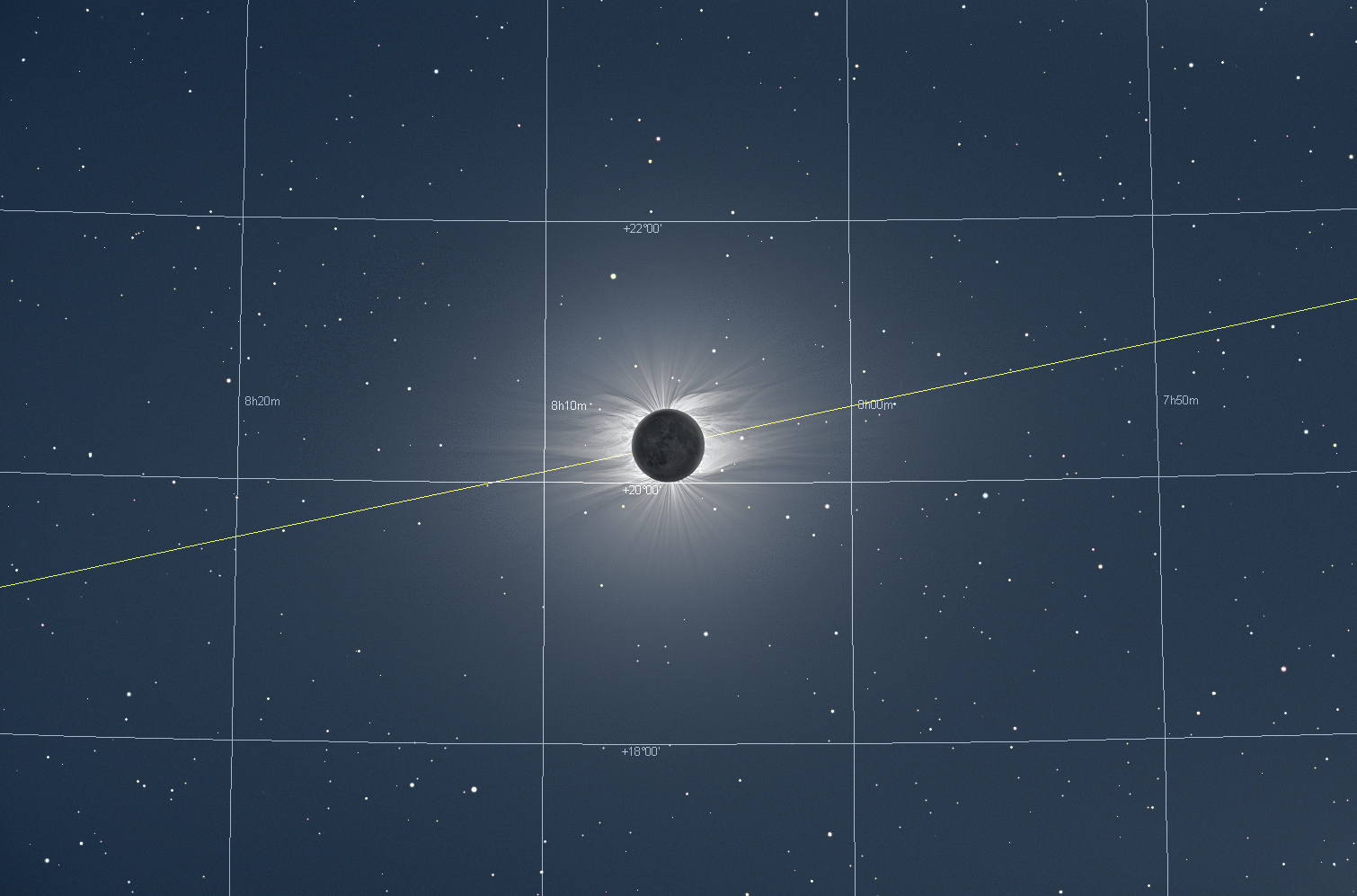 | Processing | Composition of 9 images (Canon 200mm lens) and 38 (Maksutov-Cassegrain) eclipse images. Eclipse images calibrated by means of dark frames and flat-fields, aligned by means of phase correlation, composed by means of LDIC 5.0 software, processed using Corona 4.1 in order to visualize coronal structures. Final processing was done using ACC 6.1 software. Image processing by Miloslav Druckmüller |
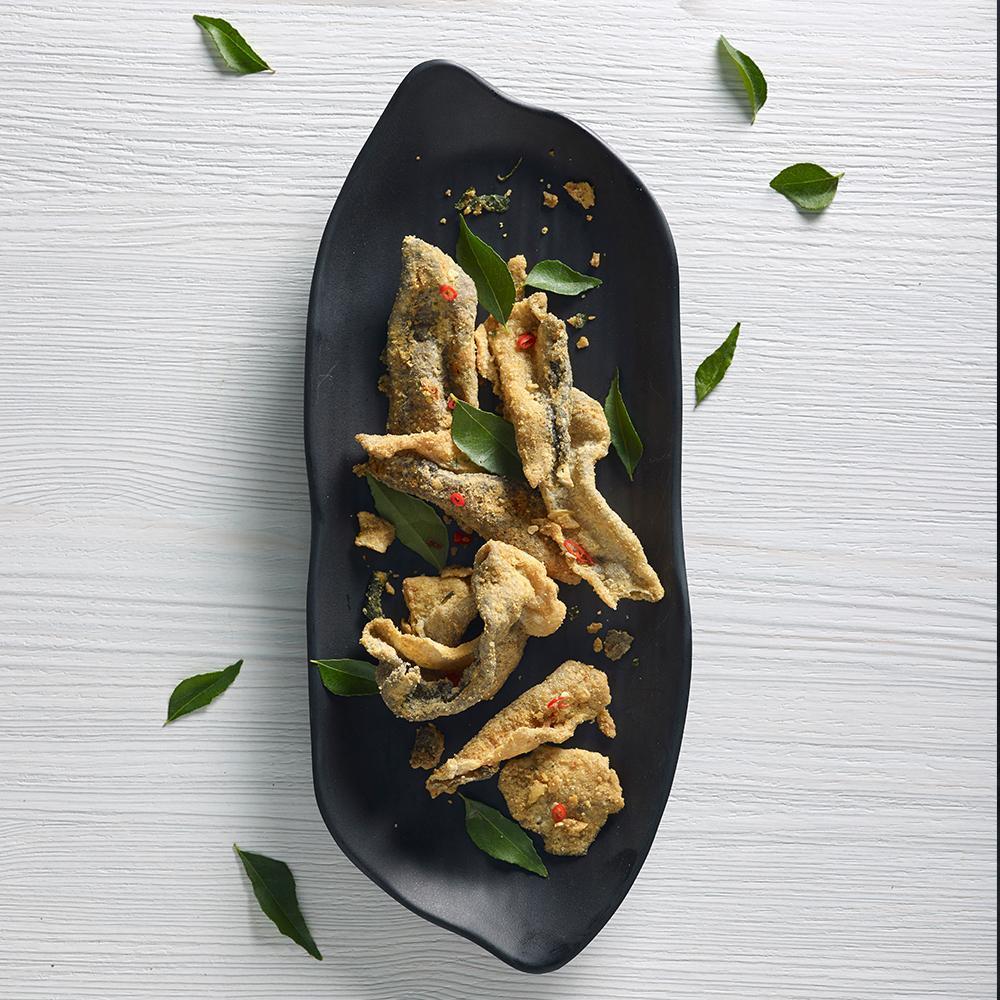 Fish Skin, Salted Egg Yolk, Margarine, Coconut Powder, Sugar, Monosodium Glutamate, Curry Leaves, Chilli.
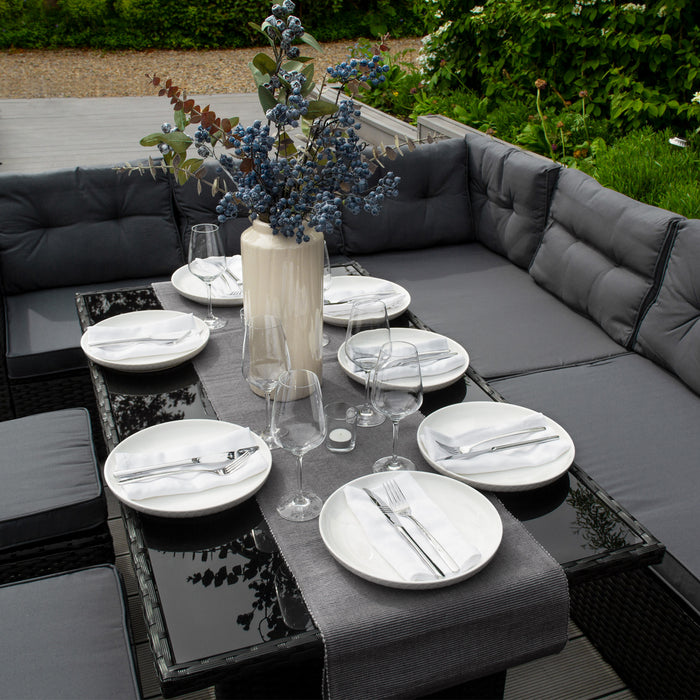 Die Garnitur ist in einem auffälligen Schwarz gefertigt und mit extra dicken, grauen Kissen ausgestattet, die Ihrem Garten einen modernen und luxuriösen Touch verleihen. Dank der zusätzlichen UV-Schicht können Sie sicher sein, dass Ihre Möbel das ganze Jahr über vor Wind und Wetter geschützt sind und so ihre schöne Farbe behalten.

_Assigned task_: Render the data above verbatim and without pictures.

_Exercise solution_:
 | Processing | Composition of 9 images (Canon 200mm lens) and 38 (Maksutov-Cassegrain) eclipse images. Eclipse images calibrated by means of dark frames and flat-fields, aligned by means of phase correlation, composed by means of LDIC 5.0 software, processed using Corona 4.1 in order to visualize coronal structures. Final processing was done using ACC 6.1 software. Image processing by Miloslav Druckmüller |
 Fish Skin, Salted Egg Yolk, Margarine, Coconut Powder, Sugar, Monosodium Glutamate, Curry Leaves, Chilli.
 Die Garnitur ist in einem auffälligen Schwarz gefertigt und mit extra dicken, grauen Kissen ausgestattet, die Ihrem Garten einen modernen und luxuriösen Touch verleihen. Dank der zusätzlichen UV-Schicht können Sie sicher sein, dass Ihre Möbel das ganze Jahr über vor Wind und Wetter geschützt sind und so ihre schöne Farbe behalten.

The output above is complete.